Spike in GDP growth: hard to fathom
There was no doubt that the growth in gross domestic product (GDP) in FY21 was better than the growth in FY20 even though the pandemic was present with all its ferocity in both years.
When the Bangladesh Bureau of Statistics (BBS) came up with its preliminary estimate of 5.4 per cent growth based on data for the first 6-7 months of FY21, this seemed quite reasonable.
But the second wave of Covid-19 struck Bangladesh in the second half of the year, forcing the government to impose a prolonged lockdown to contain the spread of the virus.
The lockdown disrupted the entire economy except the production for export as factories were allowed to stay open. We, therefore, saw an improvement in export growth in the second half of FY21.
Can this export turnaround explain the difference between the preliminary and final estimate of GDP growth?
The answer is a clear negative because what matters in the growth calculation is the balance of exports and imports described as "resource balance" in the BBS's GDP estimate from the expenditure side.
Import growth also increased significantly in the final estimate compared to the provisional. As a result, the excess of imports over exports is 56.3 per cent higher in the final estimate relative to the provisional.
This means, other things equal, the final estimate of GDP growth should have been lower because of the larger negative resource balance in the final estimate relative to the provisional estimate.

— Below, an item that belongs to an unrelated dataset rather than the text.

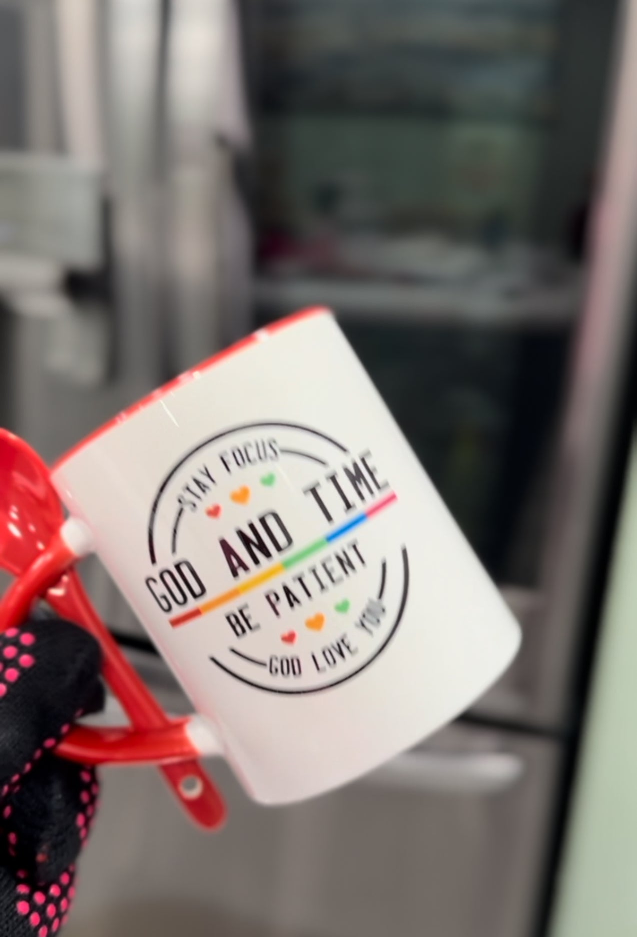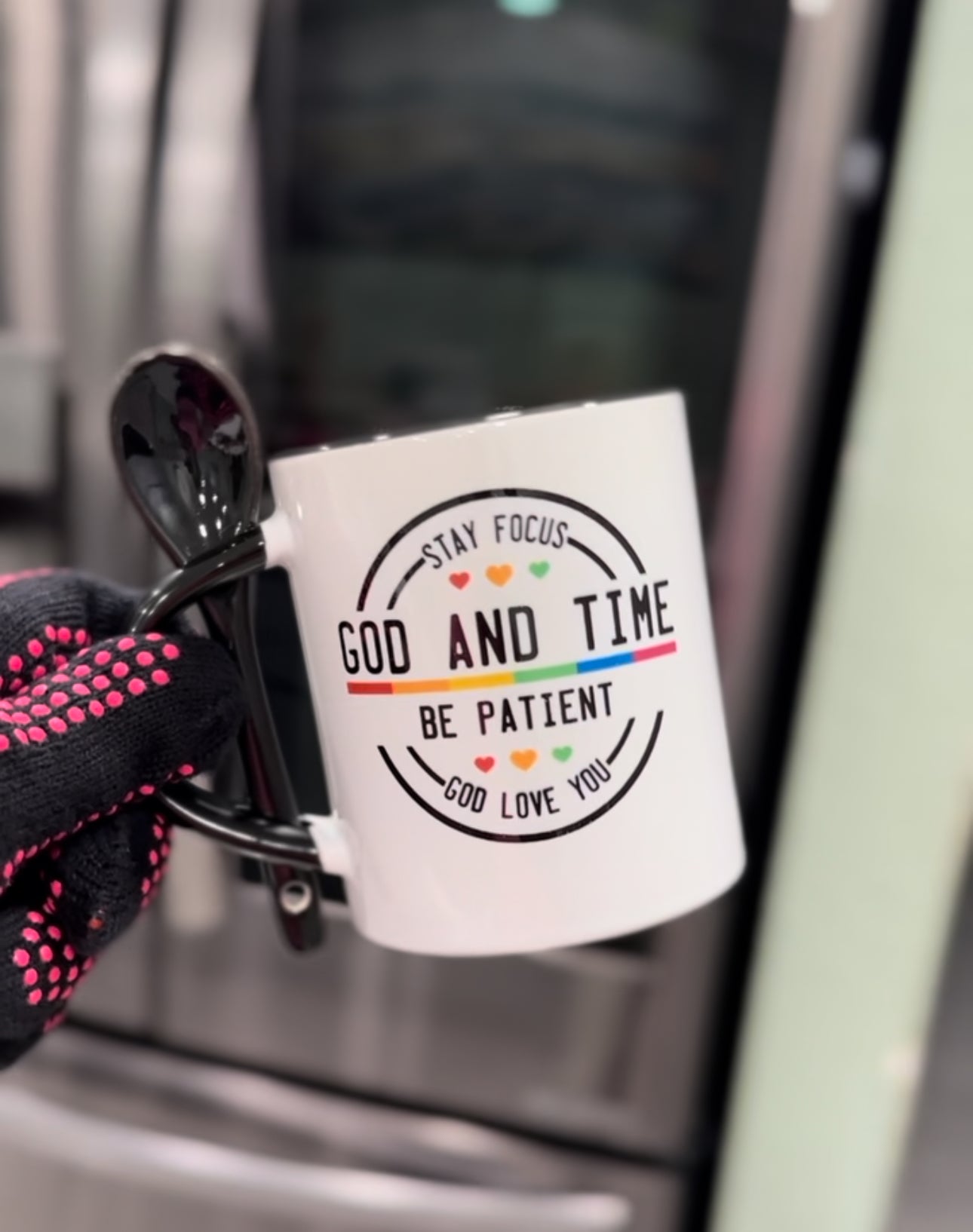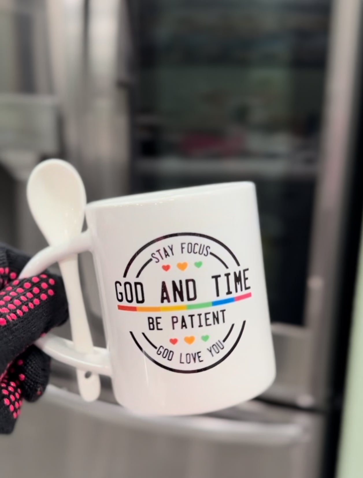 Introducing our “God and Time” Inspirational Mug – a perfect reminder of patience, faith, and love. This 11oz white ceramic mug features an inspiring message to “Stay Focused,” “Be Patient,” and trust in “God and Time.” Accented with gentle heart icons and a subtle color stripe, it adds a touch of warmth and positivity to your daily routine. Complete with a matching spoon that fits conveniently in the handle, this mug is perfect for stirring in a little extra sweetness to your favorite drink. Embrace each day with this meaningful design, reminding you that God loves you and that patience is key to all things.

This leaves domestic demand as the other possible explanation. There are two components of domestic demand: consumption and investment.
Household real consumption growth is 5 percentage points higher in the final estimate relative to the preliminary estimate.
What happened in the second half of FY21, notwithstanding the lockdown, to boost consumption expenditure so much?
Even official remittances, which boomed in FY21, cannot explain this because the total official remittances received in the second half was $11.83 billion compared to $12.94 billion in the first half.
Real investment growth increased from 4 per cent in the preliminary estimate to 8.1 per cent in the final estimate.
This is hard to reconcile with the 2.7 per cent nominal growth, implying negative real growth, in the government's Annual Development Program expenditures and the 8.4 per cent nominal growth, implying only 2.8 per cent real growth, in credit to the private sector in FY21.
Note that the import of capital goods picked up significantly in nominal dollar terms in the second half of FY21, but this alone cannot account for the entire increase when juxtaposed with other related data.
Therefore, it is overall hard to fathom where such a significant increase in the final estimate of GDP growth relative to the provisional came from.